As these companies conduct and analyse more trials, they are also becoming more adept at anticipating the results with predictive analytics. This is already having an impact, as fewer trials fail approval processes or get rejected by regulatory bodies.
Who’s involved: Science 37, Medable and THREAD Research.
Like Clinical trial technology services, decentralised trial platforms have been around for a few years, however they saw a huge spike in usage in early 2020. For almost six months of last year, decentralised trial platforms were the only viable way to conduct a clinical trial.
When it comes to functionality, these platforms can encompass many of the technology sets I’ve already mentioned. Or, they can be the technology that pulls all of the other components together into a comprehensive decentralised trial format.
It’s thanks to these technologies that companies were able to complete trials and develop a vaccine so quickly. In the words of Medable CEO Dr Michelle Longmire:
“We know now that when patients are able to access a clinical trial online, using telemedicine and remote consent, most clinical trials will enrol three times faster. That’s an incredible data point that we didn’t know before COVID-19.”
More than most industries, the eClinical sector has been thrust into the spotlight and tested over the last 18 months and, from the conversations that I’ve had with many in the space, has passed with flying colours.

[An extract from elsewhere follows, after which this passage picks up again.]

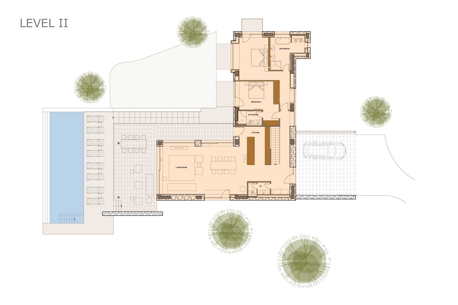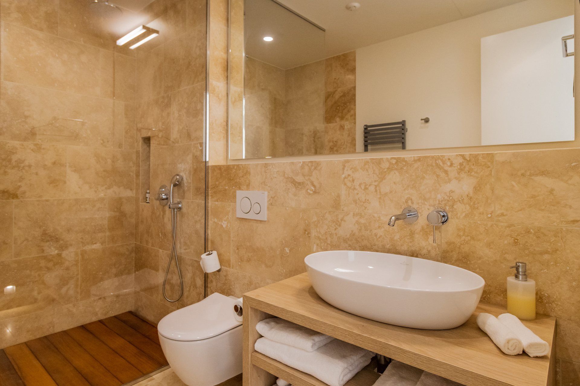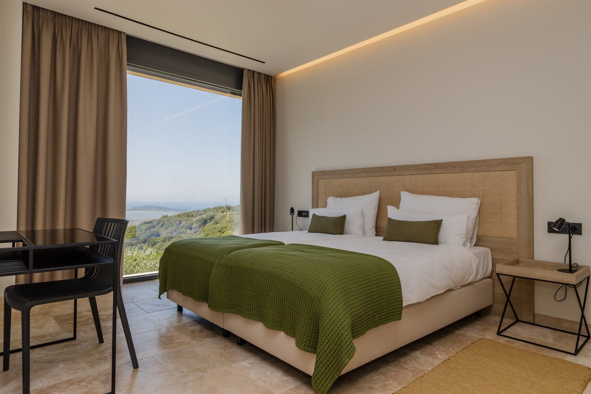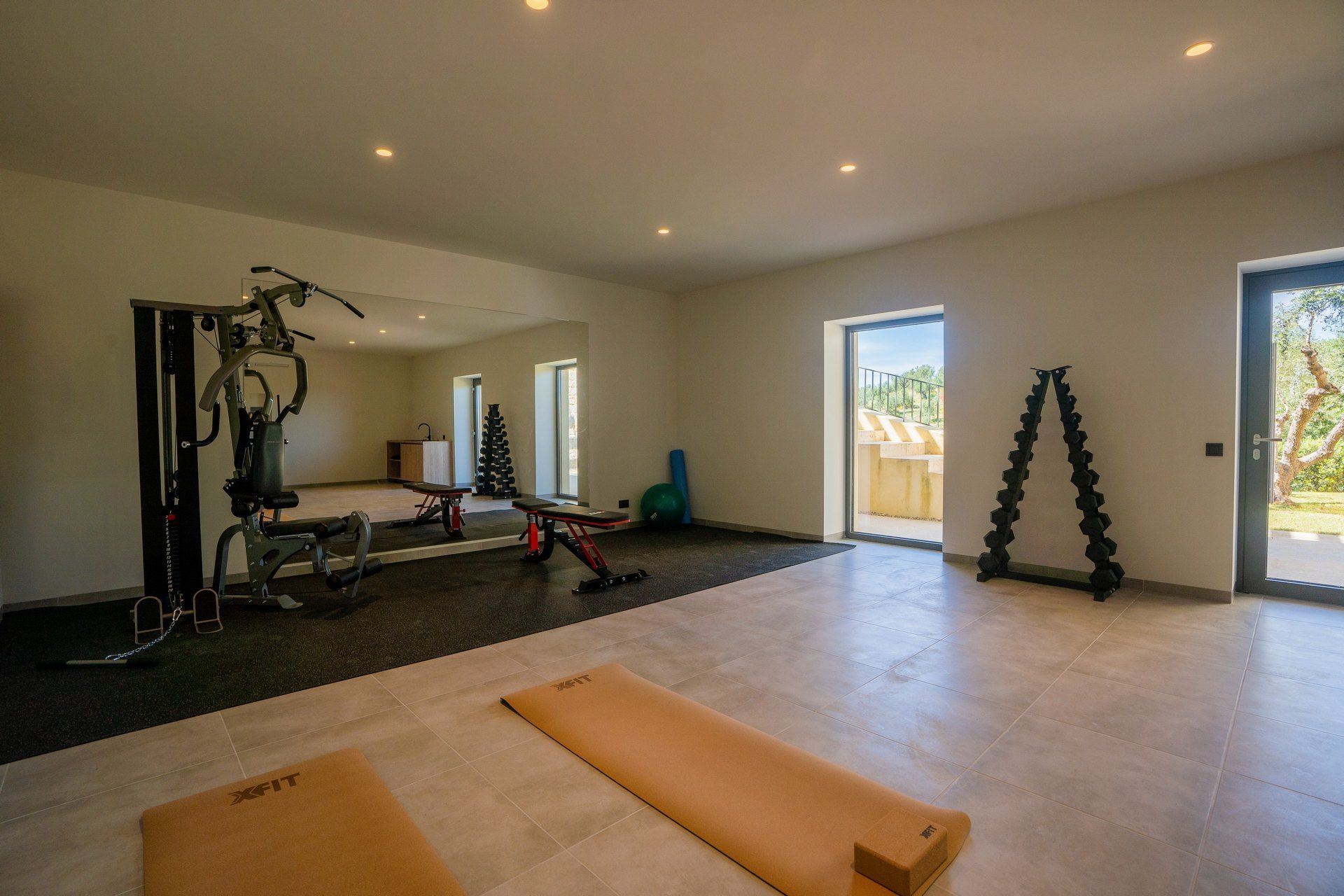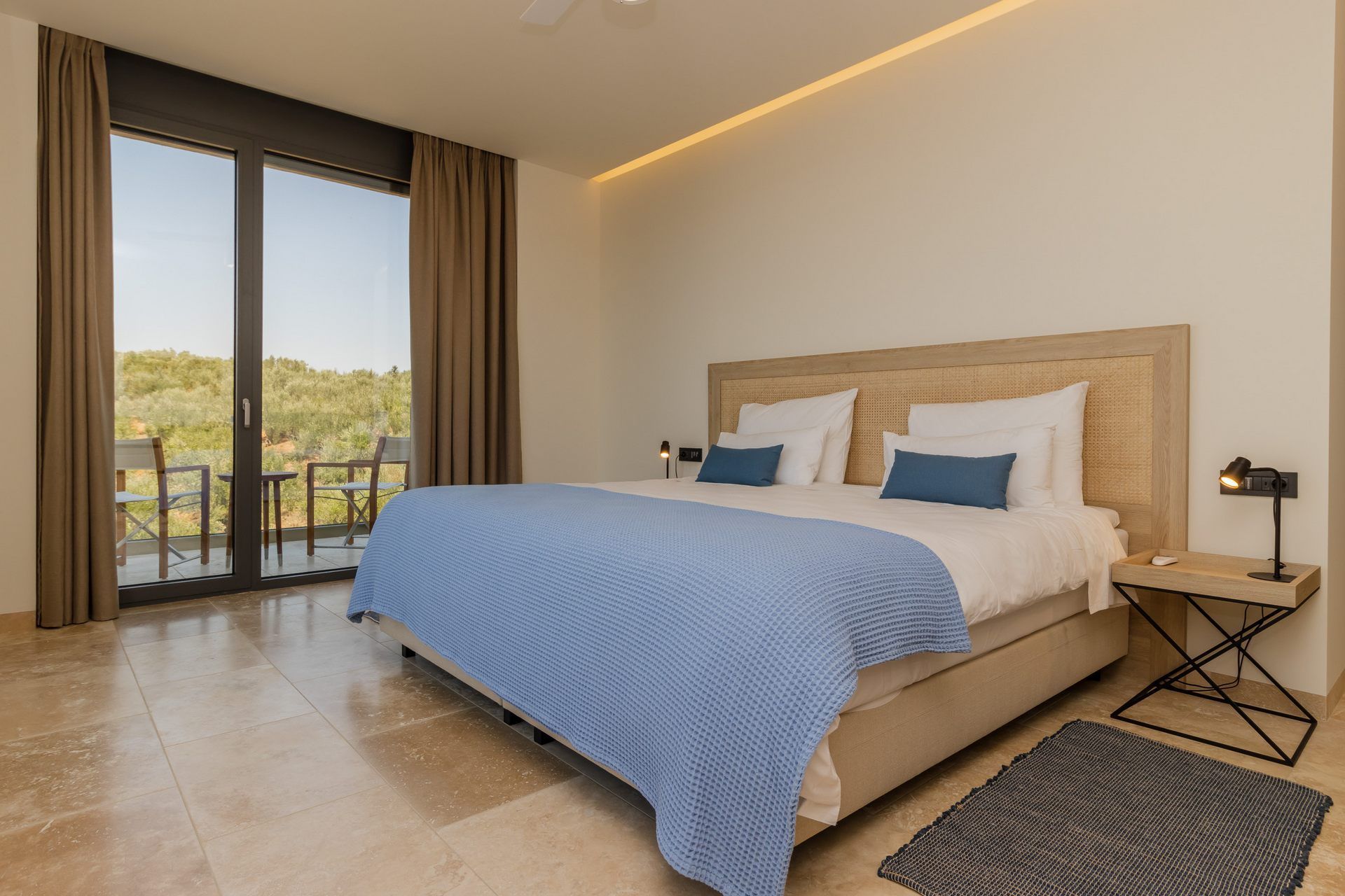 The interior of Lillian is adorned with vivid, earthy colors and minimal furnishing that, along with the floor-to-ceiling doors, create a bright and inviting ambiance. Four luxury bedrooms are spread over 2 levels, along with a fully equipped gym downstairs, for those who like to keep up with their workout routine. The open-plan living area invites you to relax, while the fully equipped kitchen has what you need for easy breakfasts and espresso-in-hand mornings with a view. Trust us, everything is simple, functional, and designed for summertime.

Ultimately these technologies and platforms will only become more critical to the trials of the future. But whilst they all point in the direction of DCTs its important to remember that DCTs are not the holy grail, as with anything in life there will be resistance, meaning hybrid clinical trials will also be an integral part of the future of clinical research.
As John Reites, CEO of THREAD Research described back in 2018, “this is a journey not a destination that we drive to tomorrow”... “I think that every healthcare leader today sees that the technology landscape is helping us to move healthcare to more remote and virtual models.”
And John was right in 2018, many more healthcare leaders are seeing the benefits, none more so than Craig Lipset who has championed DCTs for years and who recently founded the Decentralised Clinical Trial Alliance (DTRA) which is bringing unity to the industry like never before.
So the question is, with the speed at which COVID-19 has been combatted using tech, why would we ever go back?